Function: intnumgaussinit
Section: sums
C-Name: intnumgaussinit
Prototype: D0,L,p
Help: intnumgaussinit({n}): initialize tables for n-point Gauss-Legendre
 integration on a compact interval.
Doc: initialize tables for $n$-point Gauss-Legendre integration of
 a smooth function $f$ lon a compact
 interval $[a,b]$ at current \kbd{realprecision}. If $n$ is omitted, make a
 default choice $n \approx \kbd{realprecision}$, suitable for analytic
 functions on $[-1,1]$. The error is bounded by
 $$
    \dfrac{(b-a)^{2n+1} (n!)^4}{(2n+1)[(2n)!]^3} f^{(2n)} (\xi) ,
    \qquad a < \xi < b
 $$
 so, if the interval length increases, $n$ should be increased as well.
 \bprog
 ? T = intnumgaussinit();
 ? intnumgauss(t=-1,1,exp(t), T) - exp(1)+exp(-1)

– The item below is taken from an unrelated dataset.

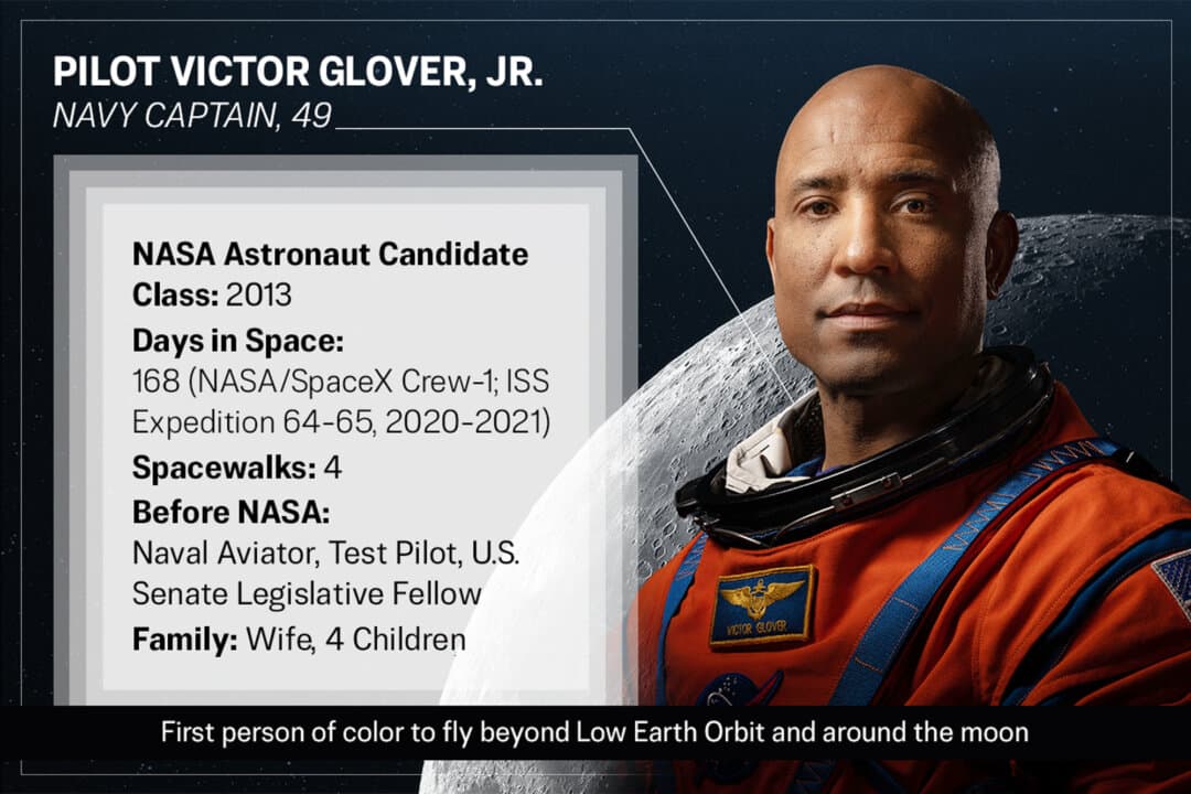 Sitting next to Reid Wiseman will be Artemis II’s pilot, another Navy captain with extensive experience as a naval aviator and test pilot. Glover was selected for NASA’s 21st Astronaut Candidate Class in 2013 while serving as a legislative fellow in the U.S. Senate.

 %1 = -5.877471754111437540 E-39
 ? intnumgauss(t=-10,10,exp(t), T) - exp(10)+exp(-10)
 %2 = -8.358367809712546836 E-35
 ? intnumgauss(t=-1,1,1/(1+t^2), T) - Pi/2
 %3 = -9.490148553624725335 E-22

 ? T = intnumgaussinit(50);
 ? intnumgauss(t=-1,1,1/(1+t^2), T) - Pi/2
 %5 = -1.1754943508222875080 E-38
 ? intnumgauss(t=-5,5,1/(1+t^2), T) - 2*atan(5)
 %6 = -1.2[...]E-8
 @eprog
 On the other hand, we recommend to split the integral and change variables
 rather than increasing $n$ too much, see \tet{intnumgauss}.